You don’t hear much about sport touring these days—adventure bikes, supposedly aimed at offroading, have in reality displaced the old Gentleman’s Express. The FJR hasn’t had a REAL update in years. Same goes for the Hayabusa, the Concours 14—you get the idea.

So, it’s refreshing to see Kawasaki has taken the time to do some mild updates to its Ninja 1000 sport tourer. It’s not going to make scads of added power, but the changes it does get are just what the bike needs.

Let’s start with the electronics package. The Ninja 1000SX (as Kawasaki calls it now) now has a Bosch IMU, which powers a new set of safety electronics for the Ninja. There’s a new traction control system and a smarter ABS system. Other electronic upgrades include a TFT screen, an up/down quickshifter, cruise control, and four riding modes (Rain, Sport, Road, and a rider-programmable mode). Switching between these modes enables the rider to select varying degrees of engine output, traction control interference, and other electronic safety management.

Alas, those hard bags aren’t standard equipment in North America. Photo: Kawasaki

The engine also has some changes, mostly to meet Euro5 emissions regs. However, Kawasaki says the changes (new ECU settings, new electronic throttle valves) make the inline four more responsive, which is always a good thing.

The suspension has some small tweaks for 2020, and the fairing is new. So is the adjustable windscreen and the rear seat, which is supposed to be more comfortable. The Kawasaki Ninja 1000SX also features all-round LED lighting now.

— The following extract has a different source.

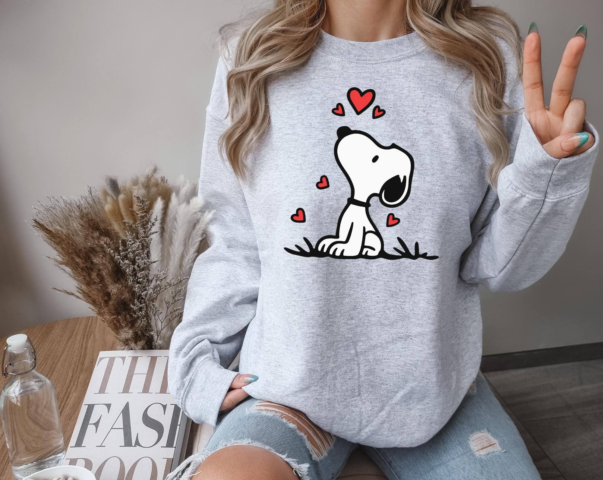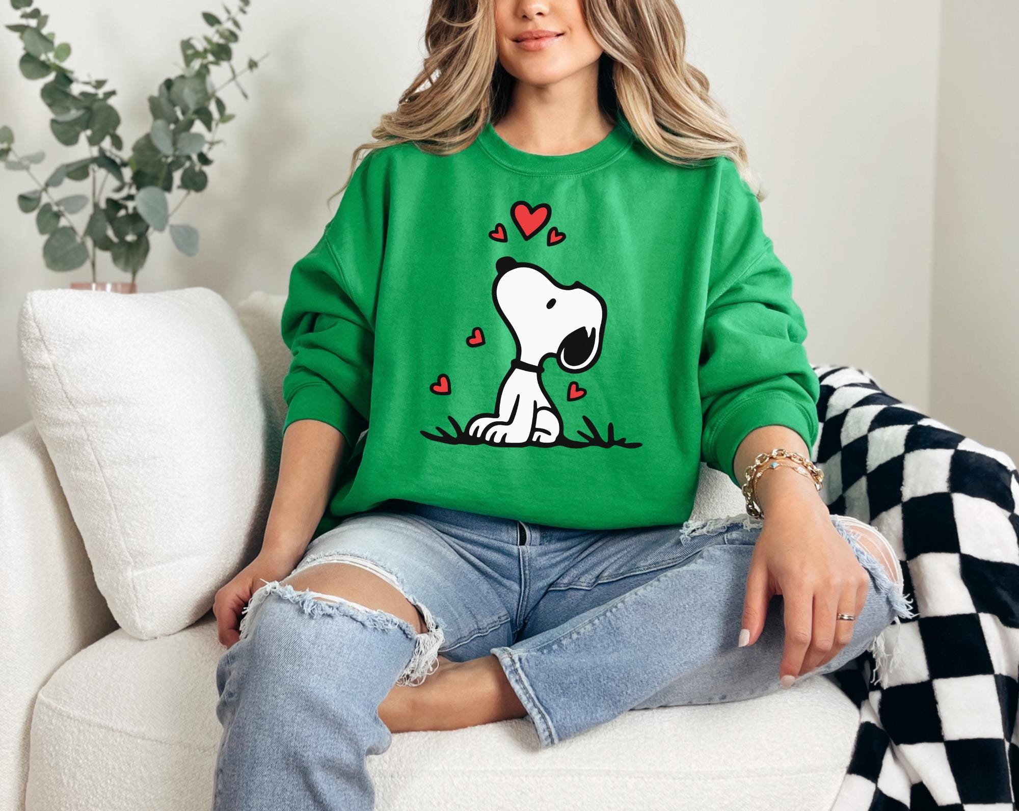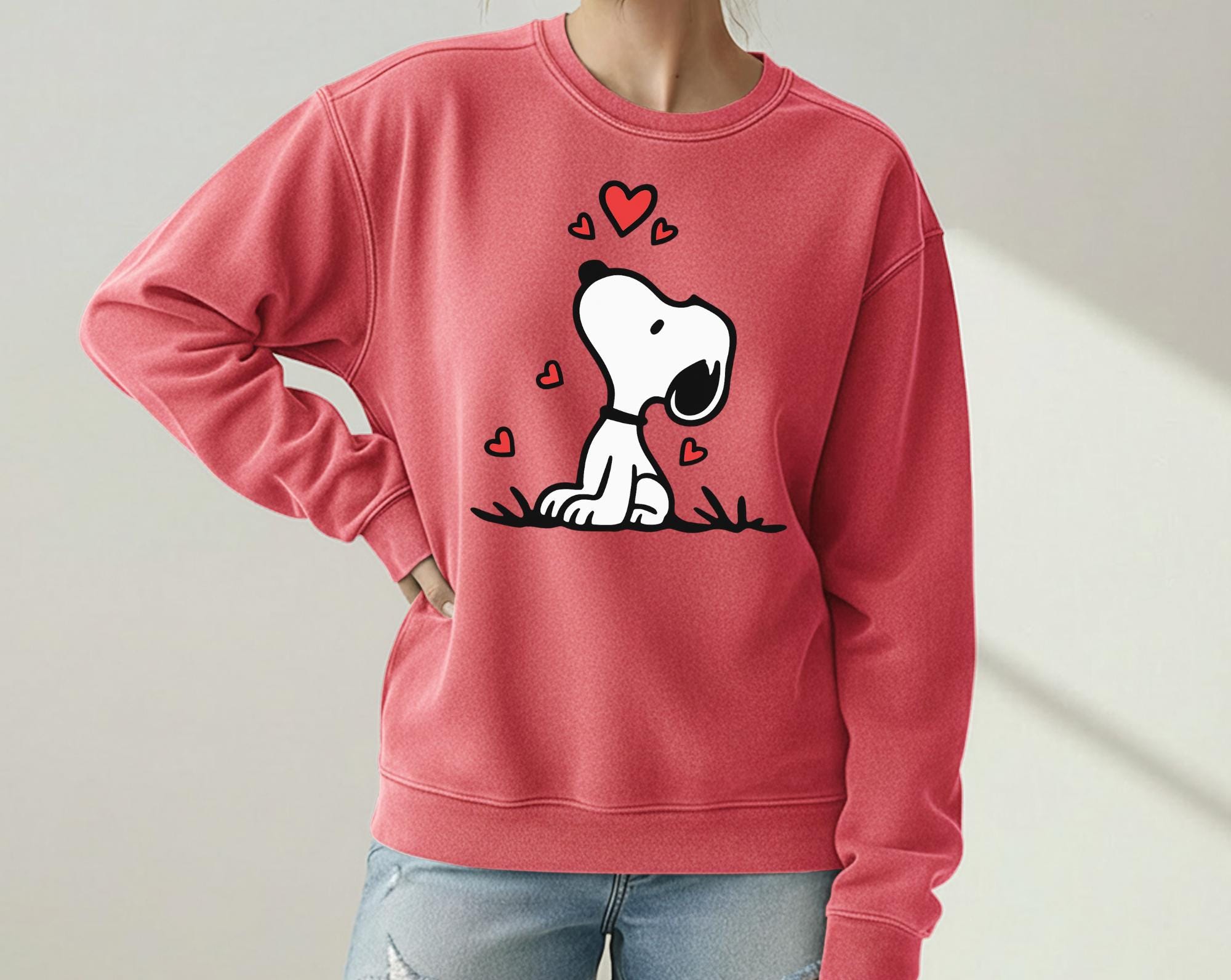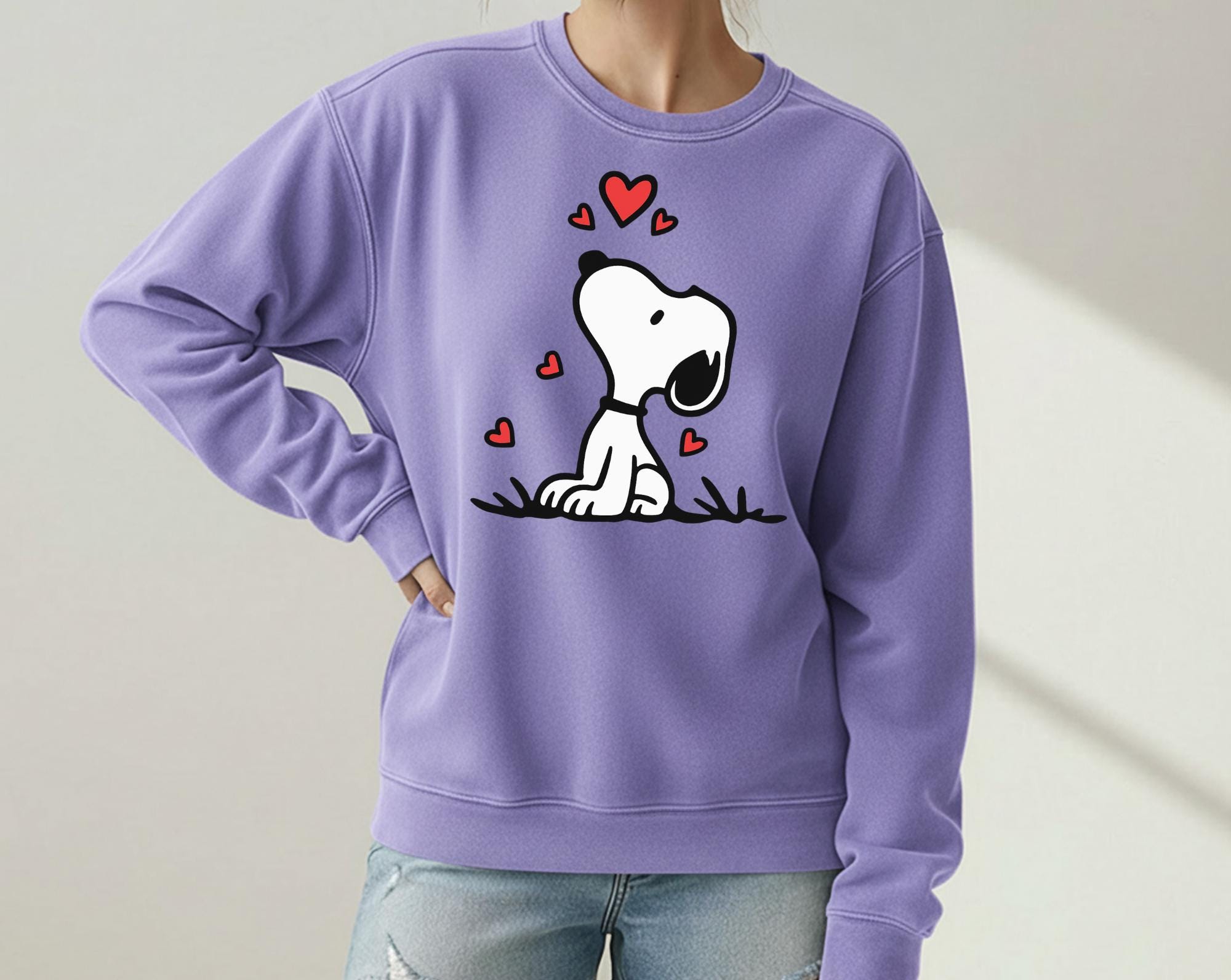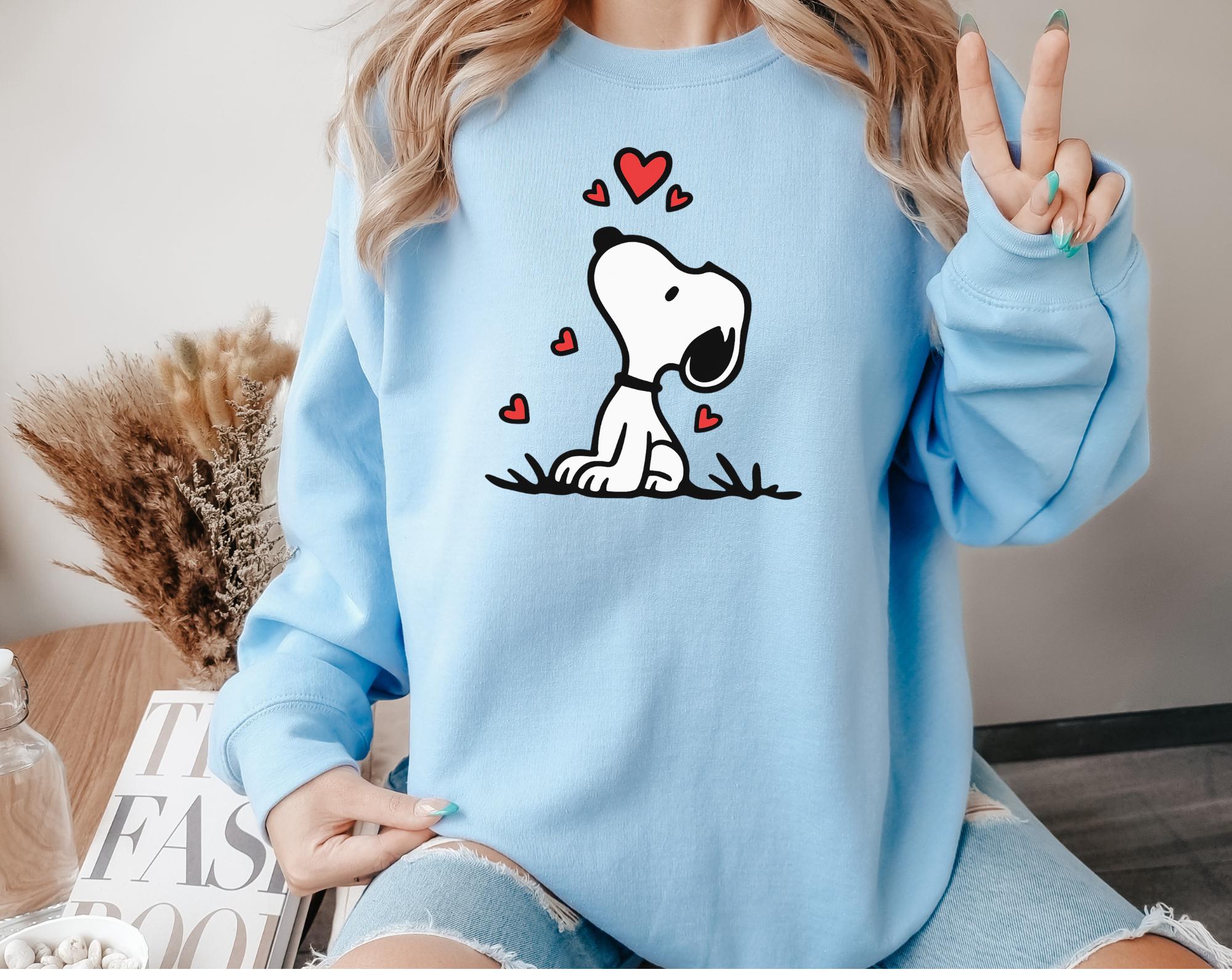 Love is in the air with this adorable Snoopy sweatshirt Just in time for Valentine's day! I love snoopy everything and would wear this anytime, not just Valentines day, This design comes with Two different sweatshirt brands, Comfort Colors and Gildan. Both are comfortable and look great on.

Kawasaki hasn’t mentioned any changes in horsepower for 2020. MSRP is $12,399 in the US. That’s an excellent price, considering what you’re getting, maybe even more attractive than some adventure tourers on the market. Might this bike tempt back the jaded sport touring enthusiast?

Speaking of which, although Kawi seems intent on keeping this as a sport touring model, the OEM hard bags aren’t standard equipment in the US or Canada (they may be in other markets). They’re an optional add-on, at extra expense, in North America.